- Problem requirements -
Search the listing below for the word "Figure" and copy each line that holds it.

----------

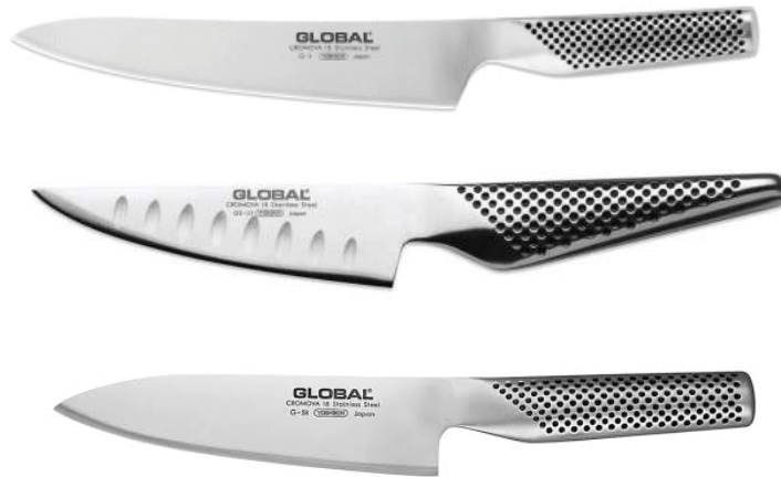
Figure 7: Global knives

22. Figure 7 shows a range of Global knives which have a textured surface on the handle.
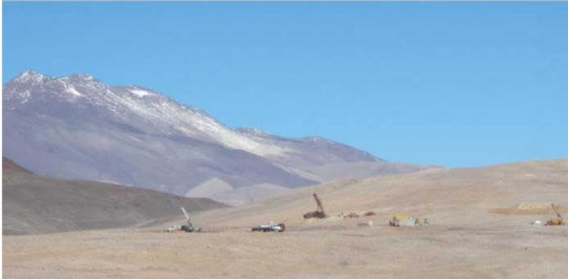
Three drill rigs currently working at Vidalita
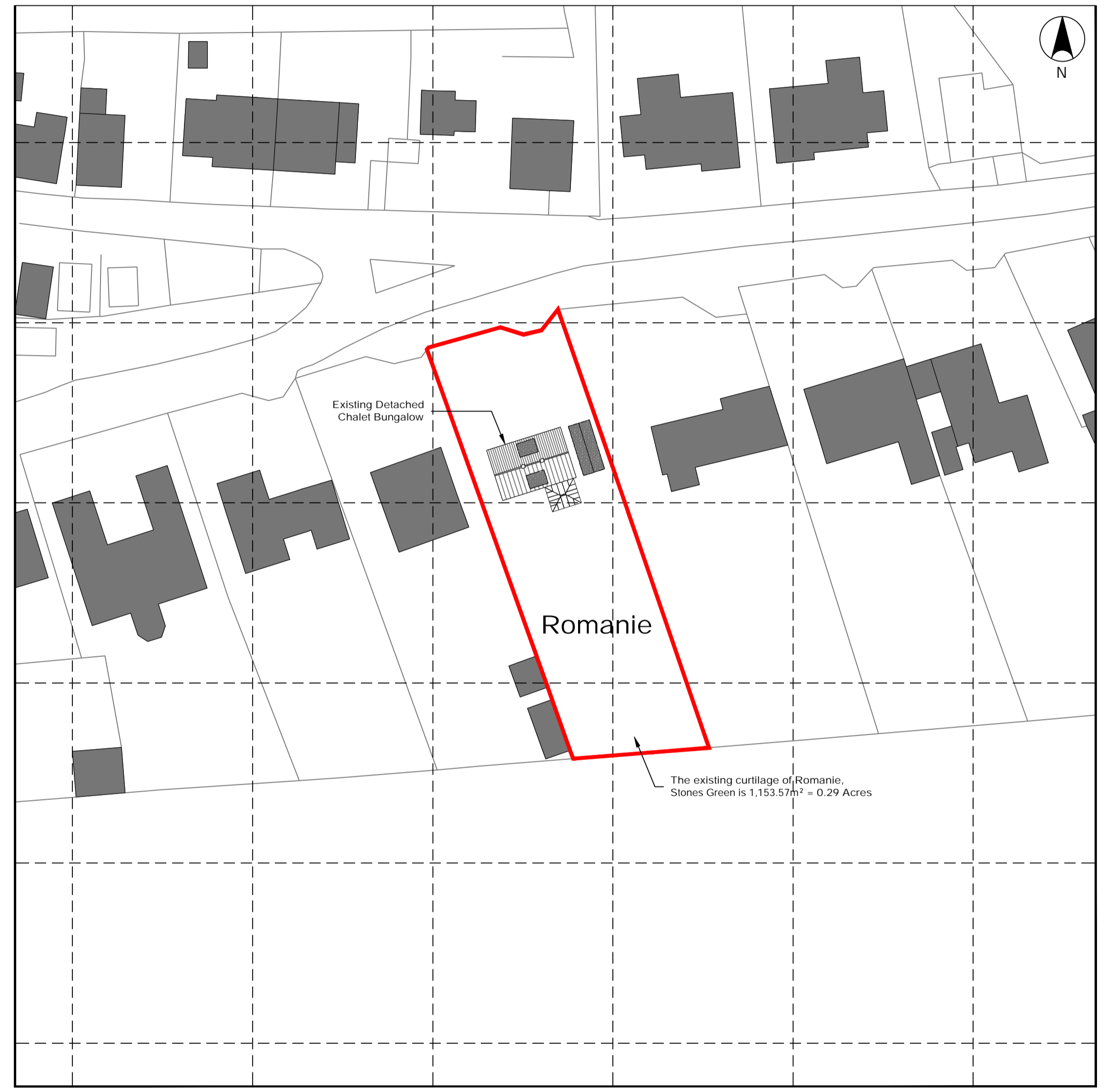
1.2 Existing Block Plan Scale 1:500 0m 10m 20m 30m 40m 50m 5m 15m 25m 35m 45m Scale 1:500 at A1 Site Location Key Indicates Boundary Line of Proposed Development Land Owned by the Applicant Indicates Boundary Line of Other Land Owned by the Applicant
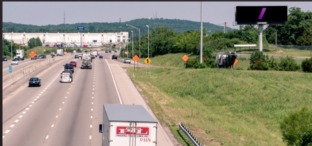
02-9036 N/L I-24 W/O Waldron Road F/E / Weekly Imps: 194,670
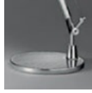
TOLOMEO BASE D 200 ALL A008600
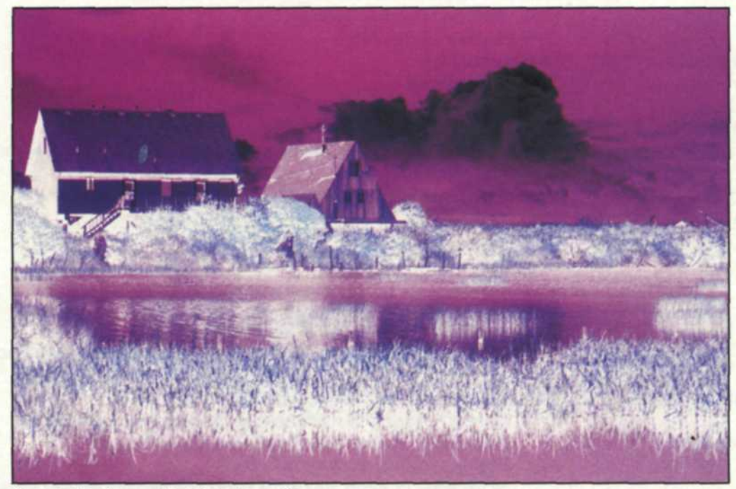
Kodak EIR show with #12 yellow filter.
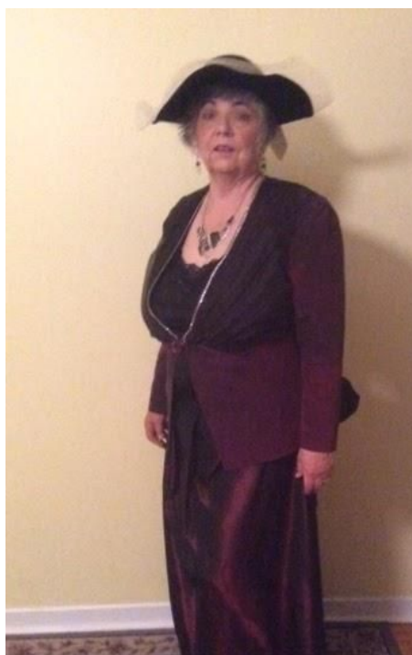
Hallowe'en 2017 Captain Highliner & The Duchess of Wallaceburg
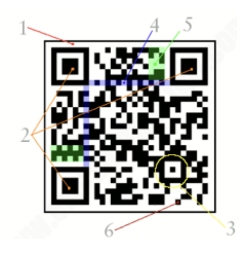
Fig 1: QR Code Architecture <sup>[9]</sup>

The representation of a QR Code can be easily understood by the following image:
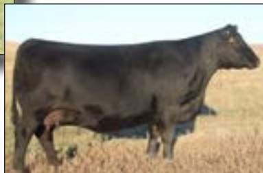
SAV EMBLYNETTE 2369 - Maternal sister to Lots 4, 30-33, 42-48, 166 and 167 is a full sister to Lot 165.
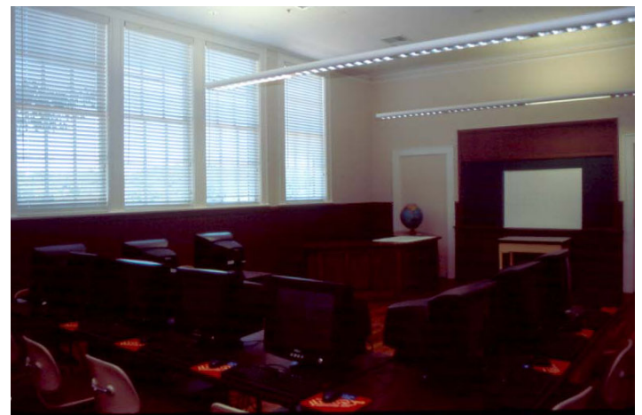
After the renovation, this classroom is used for a technology center equipped with modern computers.
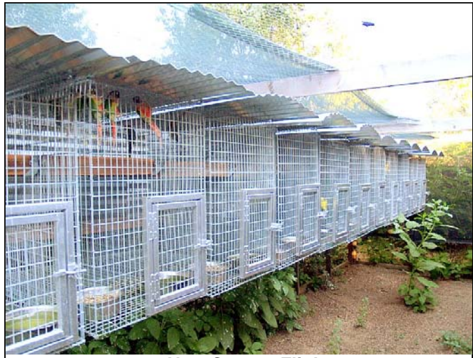
1 – New Conure Flights
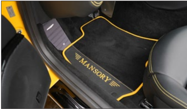
Floor mats - carpet FPF 367 758 with MANSORY logo stitching, leather trim and custom colour 2 parts set - left & right
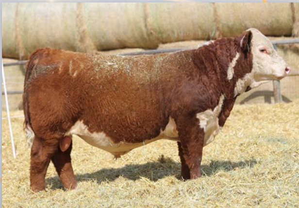
NJW 84B 4040 FORTIFIED 238F
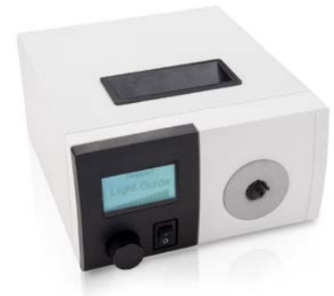
FOT LED 3000 / 5000
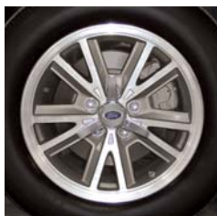
16" Painted Aluminum Wheel w/Bright Machined Face w/Chrome Spinner Std. on V6 Premium & Opt. on V6 Deluxe (941)
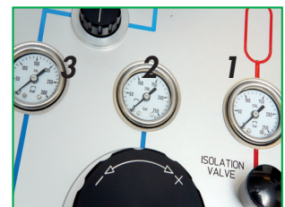
The three pressure gauges indicate: 1. pressure in bottle 2. pressure set by pressure regulator 3. pressure at test port
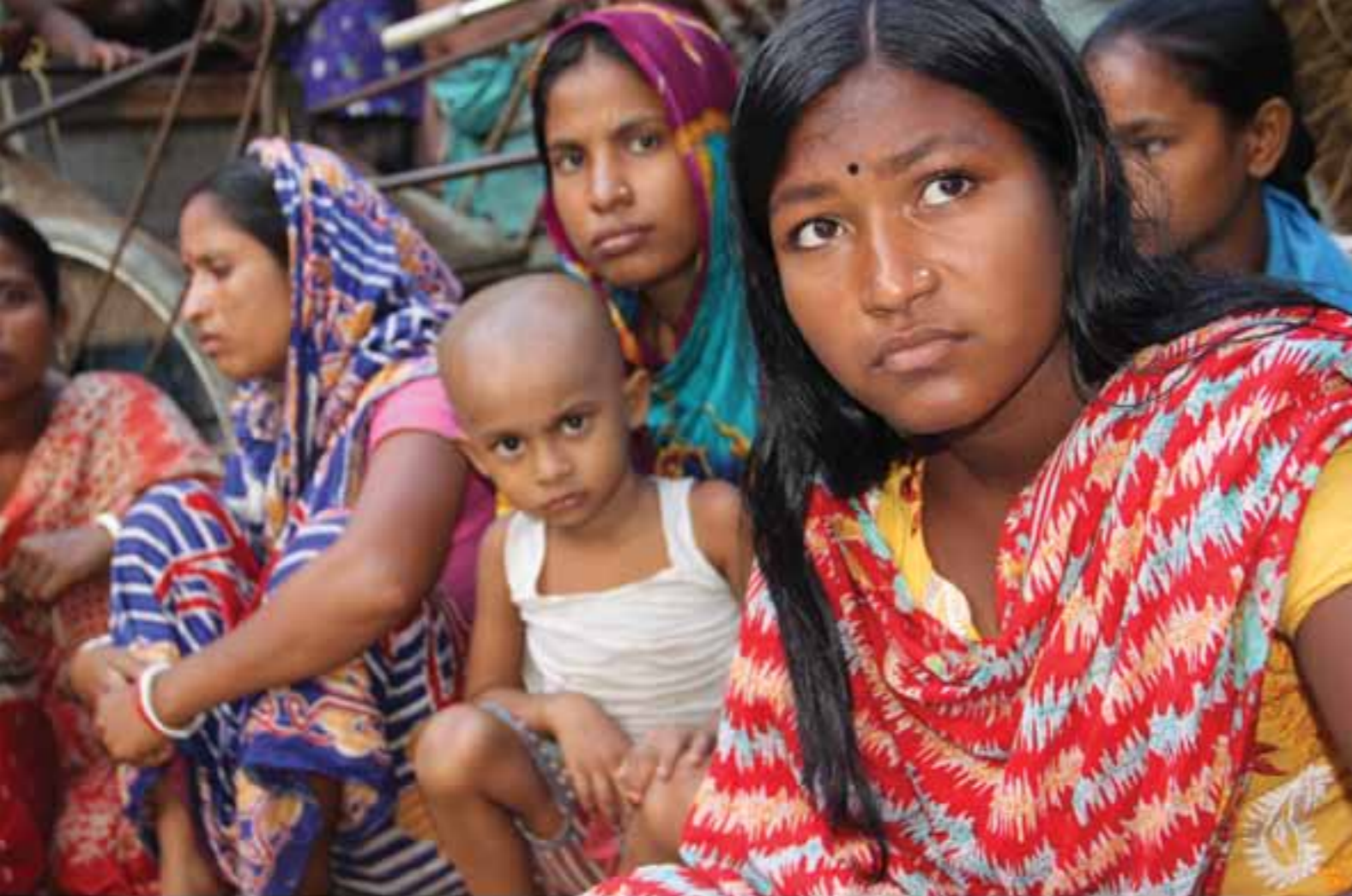
The General Secretary of Notun Jibon self help group in Gaibandha, Bangladesh.

----------

- Solution to this task -
Figure 7: Global knives
22. Figure 7 shows a range of Global knives which have a textured surface on the handle.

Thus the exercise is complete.